(Collection entries)

========================

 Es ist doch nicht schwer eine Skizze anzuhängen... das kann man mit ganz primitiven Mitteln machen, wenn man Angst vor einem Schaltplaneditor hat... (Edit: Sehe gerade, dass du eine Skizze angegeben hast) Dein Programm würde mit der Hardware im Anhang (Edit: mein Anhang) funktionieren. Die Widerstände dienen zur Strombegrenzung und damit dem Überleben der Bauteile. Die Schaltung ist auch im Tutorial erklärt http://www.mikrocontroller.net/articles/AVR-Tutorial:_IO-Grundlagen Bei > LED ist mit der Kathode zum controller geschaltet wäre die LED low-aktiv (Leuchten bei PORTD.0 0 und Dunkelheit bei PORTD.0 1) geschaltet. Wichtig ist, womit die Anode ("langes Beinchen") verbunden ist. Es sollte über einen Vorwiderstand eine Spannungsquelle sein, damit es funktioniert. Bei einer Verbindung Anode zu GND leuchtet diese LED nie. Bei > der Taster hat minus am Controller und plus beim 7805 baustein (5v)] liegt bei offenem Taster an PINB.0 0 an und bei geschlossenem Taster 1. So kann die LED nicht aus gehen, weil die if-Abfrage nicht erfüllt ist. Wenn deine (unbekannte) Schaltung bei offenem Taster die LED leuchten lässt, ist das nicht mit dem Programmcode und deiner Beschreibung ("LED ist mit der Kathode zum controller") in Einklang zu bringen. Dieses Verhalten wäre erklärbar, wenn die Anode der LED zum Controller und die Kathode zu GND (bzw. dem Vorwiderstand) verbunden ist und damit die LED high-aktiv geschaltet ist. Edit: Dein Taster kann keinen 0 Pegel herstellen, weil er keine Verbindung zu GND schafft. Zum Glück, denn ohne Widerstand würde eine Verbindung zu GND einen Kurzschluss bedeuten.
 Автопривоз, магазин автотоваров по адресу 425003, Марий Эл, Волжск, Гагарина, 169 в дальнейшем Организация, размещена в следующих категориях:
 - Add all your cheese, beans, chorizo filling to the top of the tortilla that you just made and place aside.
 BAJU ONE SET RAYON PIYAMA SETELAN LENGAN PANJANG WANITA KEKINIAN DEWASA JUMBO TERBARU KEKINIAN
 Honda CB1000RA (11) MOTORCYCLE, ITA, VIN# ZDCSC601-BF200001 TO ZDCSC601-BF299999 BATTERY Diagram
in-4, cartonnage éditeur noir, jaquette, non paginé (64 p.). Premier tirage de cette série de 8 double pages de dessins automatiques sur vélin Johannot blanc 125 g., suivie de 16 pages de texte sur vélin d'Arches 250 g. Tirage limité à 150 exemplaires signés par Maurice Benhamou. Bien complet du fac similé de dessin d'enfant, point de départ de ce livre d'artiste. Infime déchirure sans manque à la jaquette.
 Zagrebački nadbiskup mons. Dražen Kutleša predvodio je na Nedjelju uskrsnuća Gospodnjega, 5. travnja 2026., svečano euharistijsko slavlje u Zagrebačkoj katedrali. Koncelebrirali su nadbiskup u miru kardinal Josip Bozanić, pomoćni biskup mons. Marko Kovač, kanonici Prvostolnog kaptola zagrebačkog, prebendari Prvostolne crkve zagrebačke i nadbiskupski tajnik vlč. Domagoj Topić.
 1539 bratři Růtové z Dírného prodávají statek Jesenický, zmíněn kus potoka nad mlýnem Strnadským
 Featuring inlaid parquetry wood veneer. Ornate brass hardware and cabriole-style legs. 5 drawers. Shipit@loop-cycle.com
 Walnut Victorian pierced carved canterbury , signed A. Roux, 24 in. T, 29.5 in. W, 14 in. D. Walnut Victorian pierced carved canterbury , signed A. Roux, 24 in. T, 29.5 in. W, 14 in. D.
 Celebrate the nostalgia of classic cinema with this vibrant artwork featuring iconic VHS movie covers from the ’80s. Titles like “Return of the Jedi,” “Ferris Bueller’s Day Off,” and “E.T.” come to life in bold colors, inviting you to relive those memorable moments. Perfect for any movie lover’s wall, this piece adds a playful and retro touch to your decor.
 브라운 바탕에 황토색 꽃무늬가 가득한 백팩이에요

========================

Each record above needs to be reproduced exactly as written.

RESPONSE TO THIS EXERCISE:
 Es ist doch nicht schwer eine Skizze anzuhängen... das kann man mit ganz primitiven Mitteln machen, wenn man Angst vor einem Schaltplaneditor hat... (Edit: Sehe gerade, dass du eine Skizze angegeben hast) Dein Programm würde mit der Hardware im Anhang (Edit: mein Anhang) funktionieren. Die Widerstände dienen zur Strombegrenzung und damit dem Überleben der Bauteile. Die Schaltung ist auch im Tutorial erklärt http://www.mikrocontroller.net/articles/AVR-Tutorial:_IO-Grundlagen Bei > LED ist mit der Kathode zum controller geschaltet wäre die LED low-aktiv (Leuchten bei PORTD.0 0 und Dunkelheit bei PORTD.0 1) geschaltet. Wichtig ist, womit die Anode ("langes Beinchen") verbunden ist. Es sollte über einen Vorwiderstand eine Spannungsquelle sein, damit es funktioniert. Bei einer Verbindung Anode zu GND leuchtet diese LED nie. Bei > der Taster hat minus am Controller und plus beim 7805 baustein (5v)] liegt bei offenem Taster an PINB.0 0 an und bei geschlossenem Taster 1. So kann die LED nicht aus gehen, weil die if-Abfrage nicht erfüllt ist. Wenn deine (unbekannte) Schaltung bei offenem Taster die LED leuchten lässt, ist das nicht mit dem Programmcode und deiner Beschreibung ("LED ist mit der Kathode zum controller") in Einklang zu bringen. Dieses Verhalten wäre erklärbar, wenn die Anode der LED zum Controller und die Kathode zu GND (bzw. dem Vorwiderstand) verbunden ist und damit die LED high-aktiv geschaltet ist. Edit: Dein Taster kann keinen 0 Pegel herstellen, weil er keine Verbindung zu GND schafft. Zum Glück, denn ohne Widerstand würde eine Verbindung zu GND einen Kurzschluss bedeuten.
 Автопривоз, магазин автотоваров по адресу 425003, Марий Эл, Волжск, Гагарина, 169 в дальнейшем Организация, размещена в следующих категориях:
 - Add all your cheese, beans, chorizo filling to the top of the tortilla that you just made and place aside.
 BAJU ONE SET RAYON PIYAMA SETELAN LENGAN PANJANG WANITA KEKINIAN DEWASA JUMBO TERBARU KEKINIAN
 Honda CB1000RA (11) MOTORCYCLE, ITA, VIN# ZDCSC601-BF200001 TO ZDCSC601-BF299999 BATTERY Diagram
in-4, cartonnage éditeur noir, jaquette, non paginé (64 p.). Premier tirage de cette série de 8 double pages de dessins automatiques sur vélin Johannot blanc 125 g., suivie de 16 pages de texte sur vélin d'Arches 250 g. Tirage limité à 150 exemplaires signés par Maurice Benhamou. Bien complet du fac similé de dessin d'enfant, point de départ de ce livre d'artiste. Infime déchirure sans manque à la jaquette.
 Zagrebački nadbiskup mons. Dražen Kutleša predvodio je na Nedjelju uskrsnuća Gospodnjega, 5. travnja 2026., svečano euharistijsko slavlje u Zagrebačkoj katedrali. Koncelebrirali su nadbiskup u miru kardinal Josip Bozanić, pomoćni biskup mons. Marko Kovač, kanonici Prvostolnog kaptola zagrebačkog, prebendari Prvostolne crkve zagrebačke i nadbiskupski tajnik vlč. Domagoj Topić.
 1539 bratři Růtové z Dírného prodávají statek Jesenický, zmíněn kus potoka nad mlýnem Strnadským
 Featuring inlaid parquetry wood veneer. Ornate brass hardware and cabriole-style legs. 5 drawers. Shipit@loop-cycle.com
 Walnut Victorian pierced carved canterbury , signed A. Roux, 24 in. T, 29.5 in. W, 14 in. D. Walnut Victorian pierced carved canterbury , signed A. Roux, 24 in. T, 29.5 in. W, 14 in. D.
 Celebrate the nostalgia of classic cinema with this vibrant artwork featuring iconic VHS movie covers from the ’80s. Titles like “Return of the Jedi,” “Ferris Bueller’s Day Off,” and “E.T.” come to life in bold colors, inviting you to relive those memorable moments. Perfect for any movie lover’s wall, this piece adds a playful and retro touch to your decor.
 브라운 바탕에 황토색 꽃무늬가 가득한 백팩이에요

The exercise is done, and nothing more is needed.